Fertility-Sparing Surgery versus Radical Hysterectomy in Early Cervical Cancer: A Propensity Score Matching Analysis and Noninferiority Study
Round 1
Reviewer 1 Report
This is a well composed retrospective study with particular importance for the Spanish Gynecologic Oncology cervical cancer working Group. The author`s aim was to analyze the oncological outcomes of Fertility-sparing surgery (FSS) compared to a balanced group of standard radical hysterectomy (RH) in patients with early cervical cancer (ECC).
The authors conclude that in their material FSS offers excellent disease-free and overall survival in women with ECC with fertility desire and is not inferior compared to RH. Irrespective of statistical significance terms, it is evident that recurrence rates were unfavorable for the FSS group (28.9% in the FSS group vs. 13.2% in RH group). Furthermore, the rate of disease-free survival at 5 years was 68.99% in the FSS group and 88.01% in the RH group. Among the 16 patients with disease recurrence, 11 patients belonged to the FSS group (recurrence rate 9.9%) and 5 patients belonged to the conventional surgery group (recurrence rate 4.5%). These figures could challenge the non-inferiority conclusion of the study.
Additionally, during a 14 year study span, surgical procedures differ as surgical experience accrues, new findings evolve from studies (e.g. sentinel node procedures) and surgical teams subspecialize. There is a question regarding the consistency/ homogeneity of the procedures; the authors are knowledgeable however this represents an intrinsic confounding factor which is difficult to mitigate.
Finally, despite outside of the scopes of the study, a comparison of psychosexual scores between the two groups (e.g. in the form of a questionnaire) would be meaningful. Additionally, many readers would be interested in conception rates as well as the take-home-baby rate for the FSS group.
Author Response
Please see the attachment
Author Response File: Author Response.docx
Reviewer 2 Report
Abstract - line 22 - "Fertility-sparing therapy" is not necessarily to be with a capital letter. Line 24 - the study Design, Setting and patients should be addressed in the methods section, but not in the Objectives part of the abstract. Please structure your abstract appropriately. It must be improved, especially the Conclusion.
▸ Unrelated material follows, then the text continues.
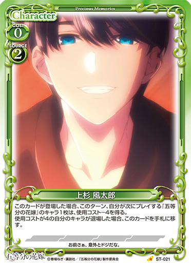 | このカードが登場した場合、このターン、自分が次にプレイする『五等分の花嫁』のキャラ1枚は、使用コスト-4を得る。使用コストが4の自分のキャラが退場した場合、このカードを手札に移す。 | ||

Introduction. In line 47 a full stop is missing before "Novak". In general, the introduction part is too narrow and does not give a clear study rational. Please provide some epidemiological data about cervical cancer among your population (the population studies in this research). Prevalence of specific surgical interventions (radical hysterectomy, trachelectomy) with its mortality/survival rates would also make the introduction part more attractive to a potential reader.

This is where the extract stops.